Mar 24 20:53:09 s5 pvesr[30638]: error with cfs lock 'file-replication_cfg': got lock request timeout
Mar 24 20:53:09 s5 systemd[1]: pvesr.service: Main process exited, code=exited, status=5/NOTINSTALLED
Mar 24 20:53:09 s5 systemd[1]: pvesr.service: Failed with result 'exit-code'.
Mar 24 20:53:09 s5 systemd[1]: Failed to start Proxmox VE replication runner.
Mar 24 20:53:14 s5 pve-ha-lrm[2061]: unable to write lrm status file - unable to delete old temp file: Input/output error
Mar 24 20:53:19 s5 pve-ha-lrm[2061]: unable to write lrm status file - unable to delete old temp file: Input/output error
Mar 24 20:53:20 s5 pvestatd[1881]: authkey rotation error: error with cfs lock 'authkey': got lock request timeout

Can't figure out what I/O error it's receiving. Partitions are not full. A reboot fixes the issue, but is not sustainable. Any ideas are appreciated!

proxmox-ve: 6.1-2 (running kernel: 5.3.18-2-pve)
pve-manager: 6.1-8 (running version: 6.1-8/806edfe1)
pve-kernel-5.3: 6.1-5
 
seems the cluster filesystem is not running correctly - ist this a cluster?
* check the journal for messages from 'pve-cluster' (cluster filesystem a.k.a pmxcfs) and 'corosync'

I hope this helps!
 
Thanks for the quick reply, Stoiko. Not a cluster unfortunately. Single node.

The first line in the log that has kicked off the issue both times is
Mar 24 05:40:24 s5 pmxcfs[1780]: [database] crit: commit transaction failed: database or disk is full#010

Which database or disk? No disks are full.
 
the pmxcfs is a fuse filesystem backed by a sqlite-db (stored in /var/lib/pve-cluster) - which is limited to 30MB in size - check the reference documentation:
https://pve.proxmox.com/pve-docs/chapter-pmxcfs.html

do you have stored large files in /etc/pve?

EDIT: fixed wrong link
 
Nope!

/dev/fuse 30M 24K 30M 1% /etc/pve

root@s5:/etc/pve# du
2.5K ./priv
5.0K ./nodes
1.0K ./.le
13K .
 
Turns out following this advice helped:

  • On every node do
    systemctl stop pve-cluster
    This may take a while
  • On every node do
    sudo rm -f /var/lib/pve-cluster/.pmxcfs.lockfile
  • On each node – one by one do
    systemctl start pve-cluster

Which is odd, considering I don't use a cluster? Any ideas as to why this may have happened.
 
Turns out following this advice helped:

  • On every node do
    systemctl stop pve-cluster
    This may take a while
  • On every node do
    sudo rm -f /var/lib/pve-cluster/.pmxcfs.lockfile
  • On each node – one by one do
    systemctl start pve-cluster

Which is odd, considering I don't use a cluster? Any ideas as to why this may have happened.

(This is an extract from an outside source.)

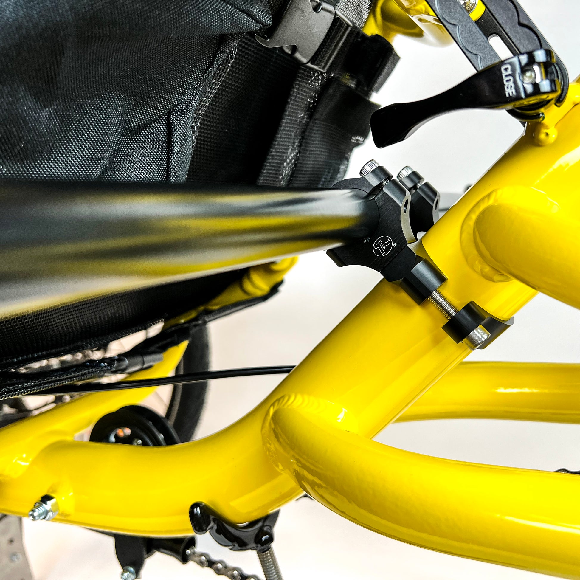 • The OneBolt Release option allows you to quickly and easily remove nearly everything for folding and/or transport. With 1-2 turns on a single collar clamp bolt, the main pieces slide out, leaving only the frame clamp and a short tube left on the trike. Reinstalling is just as easy, just slide the main part of the mount back in and tighten the one bolt. The OneBolt Release option replaces the Y clamps that hold the support tube to the Frame Clamp with larger ones and adds an intermediate slotted tube with a collar clamp. The intermediate tube is slotted at both ends to enable the double sided option.
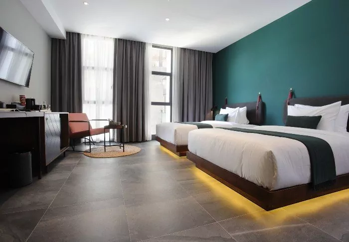 Het hotel is modern en licht ingericht met leuke rustieke details – let vooral op de wenteltrap, de zuilen en de muren. Op verschillende plekken in het hotel zijn gezellige zithoekjes gemaakt waar u kunt ontspannen met een goed boek.

Thanks! This also worked for me, and also running a single node; no HA.

In my case I ran out of disk space, and had trouble connecting via the UI. Solved the disk space, but Proxmox was still stuck, and there was a message on syslog every few seconds on pve-ha-lrm[1201]: unable to write lrm status file - unable to open file.

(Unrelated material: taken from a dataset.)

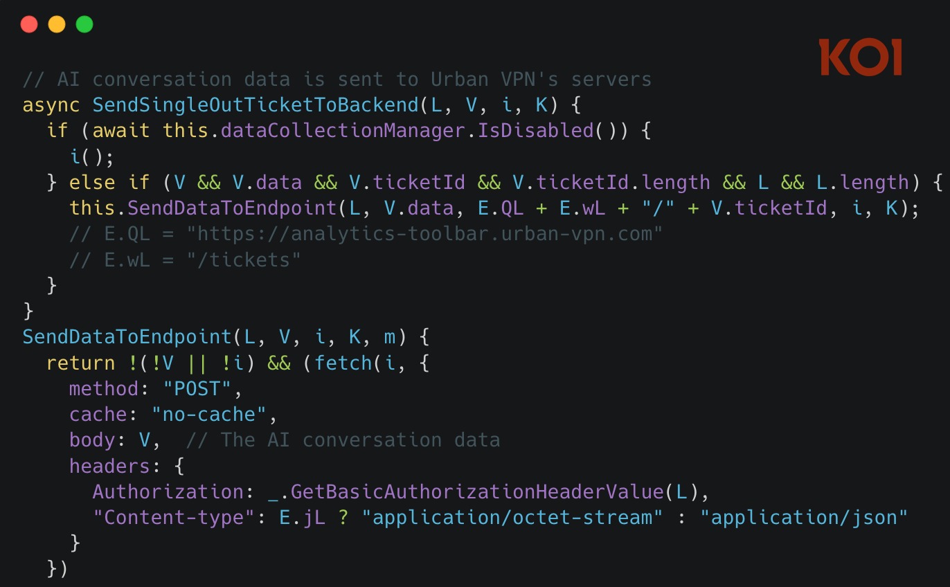 В итоге расширение собирает полный набор информации: промпты пользователей, ответы чат-ботов, идентификаторы сессий, временные метки, метаданные сессий, данные о платформе и используемой модели ИИ. Вся собранная информация передается на два удаленных сервера: analytics.urban-vpn[.]com и stats.urban-vpn[.]com.

Everything came back to normal after following the steps above.
 
This advice also worked for me, thanks. I suspect something like the following is happening:
  • backup "locks" /etc/pve
  • backup fills a disc
  • backup fails and deletes some interim files (the once-full disc not quite 100% full now)
  • backup dies but leaves /etc/pve "locked"
  • errors from several pve processes, result: cannot login using web UI
    • ... pve-ha-lrm[...]: unable to write lrm status file - unable to open file '/etc/pve/nodes/.../lrm_status.tmp.352706' - Input/output error
It seems intermittent because the backup sometimes works, or rarely runs (in my case, weekly).
 
I just had a similar issue for the second time within a few weeks. I restarted the node before I found this thread. The reboot fixed the issue.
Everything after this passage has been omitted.